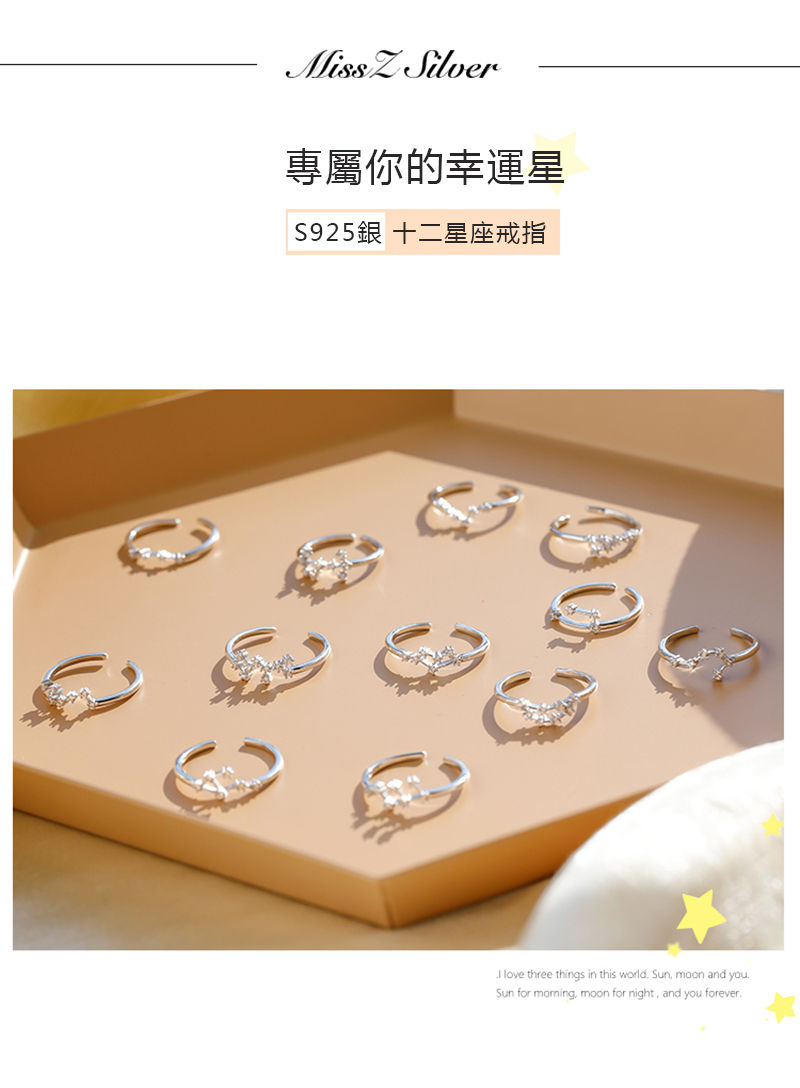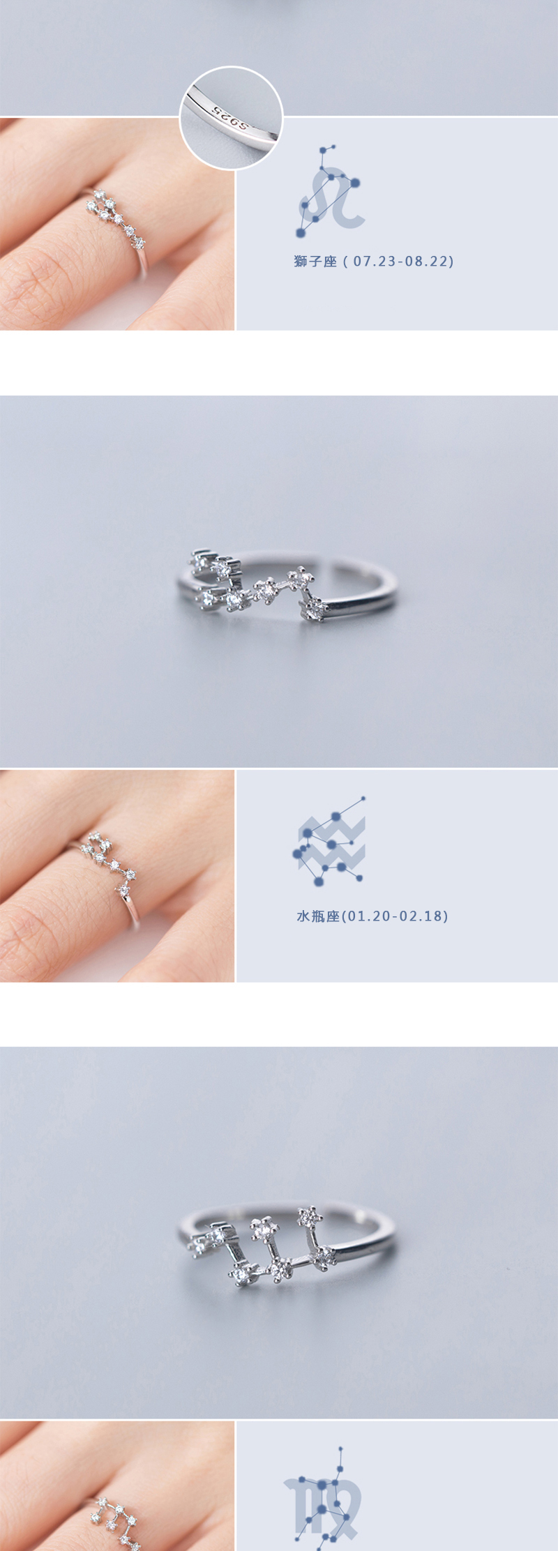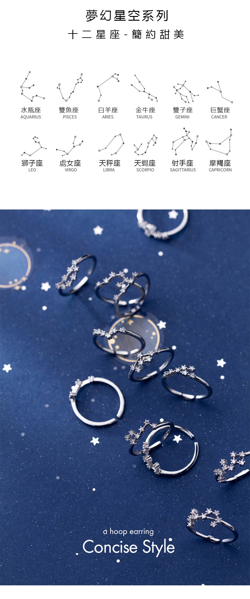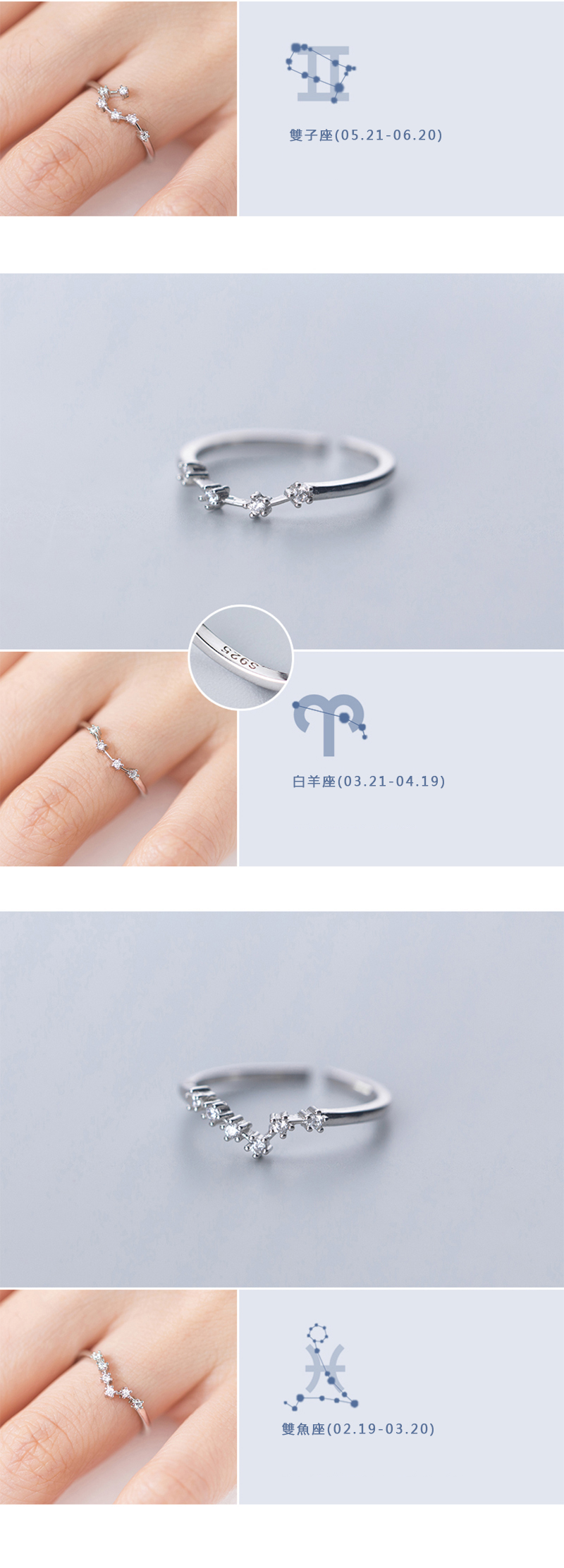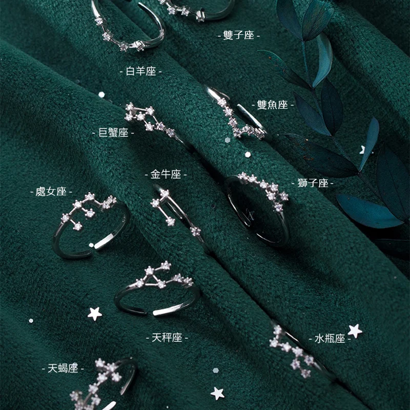 【十二星座守護戒指】【S925純銀】設計師款簡約個性S925純銀鑲鑽女戒開口單戒
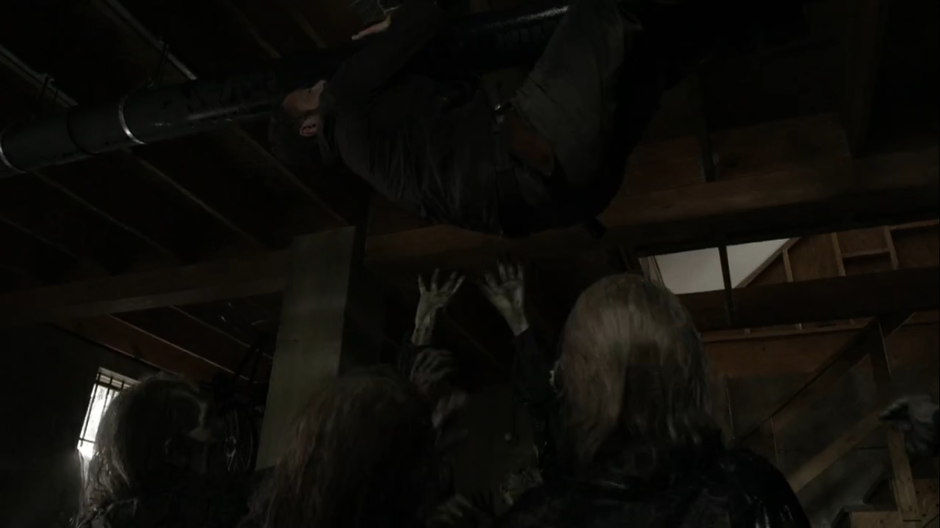 Talk about what? We’ll find out later. Rosita, Dianne, and Lydia keep taking out walkers. As Lydia heads to the cellar to find the source of that whistling sound, Aaron hangs for dear life on a pipe that surely can’t support his weight. Nonetheless, he shimmies across the swimming walkers and towards the window.
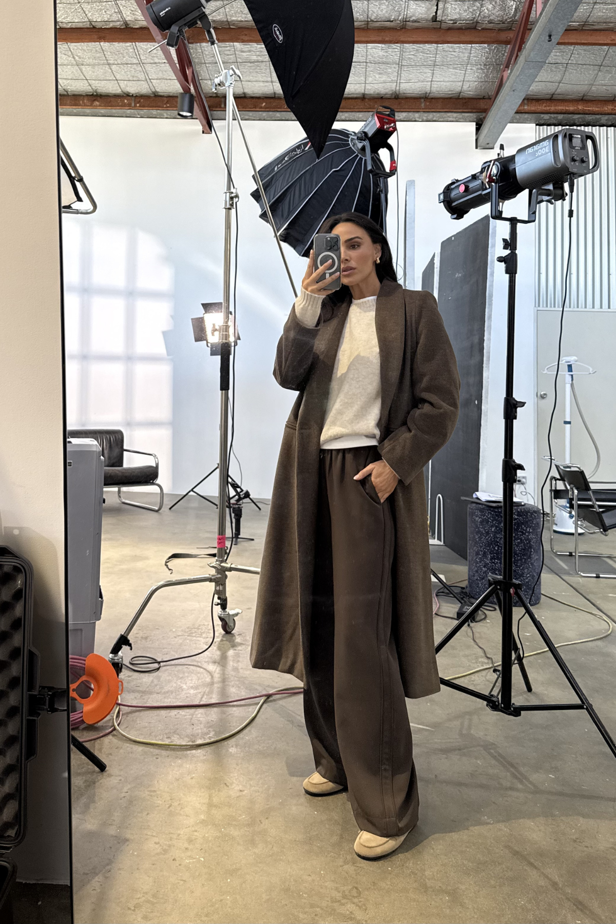 The Double Breasted Coat in Chocolate is a timeless outerwear staple designed for refined layering. Crafted from a soft, heavy-weight coat fabric and fully lined for comfort, it features a classic double-breasted button closure with resin tortoiseshell buttons. Finished with functional welt pockets, and a back hem vent, the 3/4 length offers a polished look, perfect for cooler days.
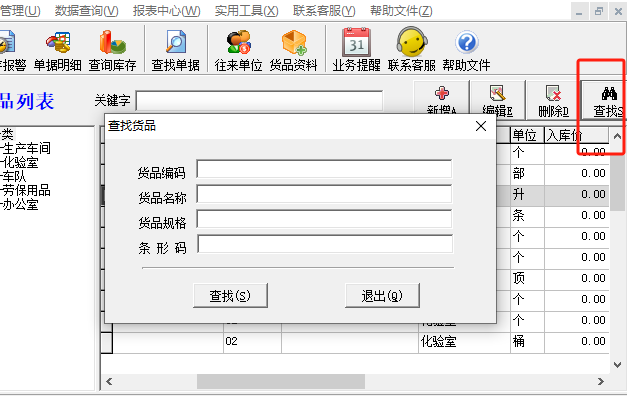 当需要查找货品的时候可以在货品资料列表中点击“查找”按钮,在出现的查找货品窗体中输入查询条件进行查找,同时也支持模糊查找。
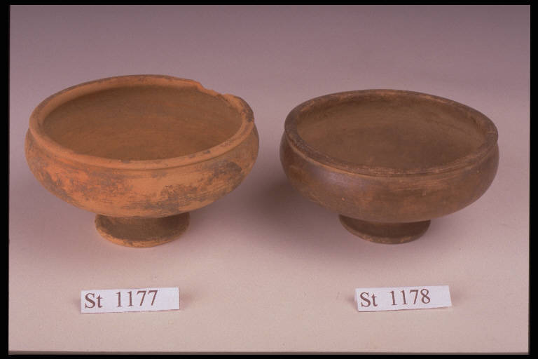Coppetta su basso piede con piccola gola sotto l'orlo. Impasto di colore giallastro, coperto da stralucido marrone a reticolo su fondo grigiastro.
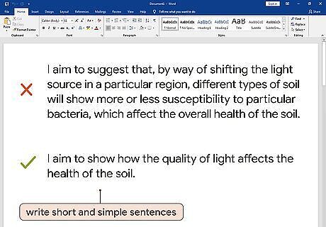Keep your sentences short and simple. Writing short sentences will help you organize your thoughts and make them more accessible to the reader. Run-on sentences can reflect murky thought processes and confuse your readers, so be brief and to-the-point. It's okay to have some longer sentences here and there, but sandwiching them between shorter sentences will increase the readability. ✗ "I aim to suggest that, by way of shifting the light source in a particular region, different types of soil will show more or less susceptibility to particular bacteria, which affect the overall health of the soil.” ✓ “I aim to show how the quality of light affects the health of the soil.”
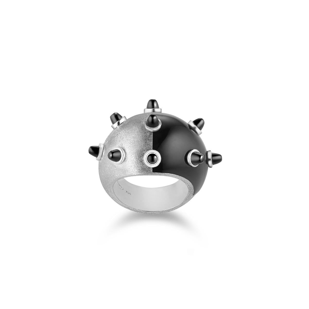 Asprey Cosmic Sputnik Eclipse Ring in 18ct White Gold with Onyx channels inspiration from the atomic age of the 1950s and ’60s to deliver a bold, refined style. Crafted in 18-carat white gold, it features nine onyx stones totalling approximately 1.8 cts, set within the series’ signature star-setting technique.The result: a sculpted, sleek ring that bridges modern sophistication and celestial design.
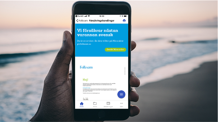 Exempel på hur Folksam använder kommunikationsytorna i Kivra för att stärka kommunikationen med sina kunder.
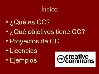 Creative Commons es una organización sin ánimo de lucro que desarrolla licencias para permitir el uso y distribución de contenido de una manera más flexible. Ofrece varias licencias que permiten diferentes niveles de uso comercial, modificación y distribución de obras derivadas. El objetivo es reducir las barreras legales de la creatividad a través de nuevas leyes y tecnologías.

• • • • •

### [Assignment]
The records above are to be repeated exactly, with the pictures left out.

### [Exercise output]
 【十二星座守護戒指】【S925純銀】設計師款簡約個性S925純銀鑲鑽女戒開口單戒
 Talk about what? We’ll find out later. Rosita, Dianne, and Lydia keep taking out walkers. As Lydia heads to the cellar to find the source of that whistling sound, Aaron hangs for dear life on a pipe that surely can’t support his weight. Nonetheless, he shimmies across the swimming walkers and towards the window.
 The Double Breasted Coat in Chocolate is a timeless outerwear staple designed for refined layering. Crafted from a soft, heavy-weight coat fabric and fully lined for comfort, it features a classic double-breasted button closure with resin tortoiseshell buttons. Finished with functional welt pockets, and a back hem vent, the 3/4 length offers a polished look, perfect for cooler days.
 当需要查找货品的时候可以在货品资料列表中点击“查找”按钮,在出现的查找货品窗体中输入查询条件进行查找,同时也支持模糊查找。
Coppetta su basso piede con piccola gola sotto l'orlo. Impasto di colore giallastro, coperto da stralucido marrone a reticolo su fondo grigiastro.
Keep your sentences short and simple. Writing short sentences will help you organize your thoughts and make them more accessible to the reader. Run-on sentences can reflect murky thought processes and confuse your readers, so be brief and to-the-point. It's okay to have some longer sentences here and there, but sandwiching them between shorter sentences will increase the readability. ✗ "I aim to suggest that, by way of shifting the light source in a particular region, different types of soil will show more or less susceptibility to particular bacteria, which affect the overall health of the soil.” ✓ “I aim to show how the quality of light affects the health of the soil.”
 Asprey Cosmic Sputnik Eclipse Ring in 18ct White Gold with Onyx channels inspiration from the atomic age of the 1950s and ’60s to deliver a bold, refined style. Crafted in 18-carat white gold, it features nine onyx stones totalling approximately 1.8 cts, set within the series’ signature star-setting technique.The result: a sculpted, sleek ring that bridges modern sophistication and celestial design.
 Exempel på hur Folksam använder kommunikationsytorna i Kivra för att stärka kommunikationen med sina kunder.
 Creative Commons es una organización sin ánimo de lucro que desarrolla licencias para permitir el uso y distribución de contenido de una manera más flexible. Ofrece varias licencias que permiten diferentes niveles de uso comercial, modificación y distribución de obras derivadas. El objetivo es reducir las barreras legales de la creatividad a través de nuevas leyes y tecnologías.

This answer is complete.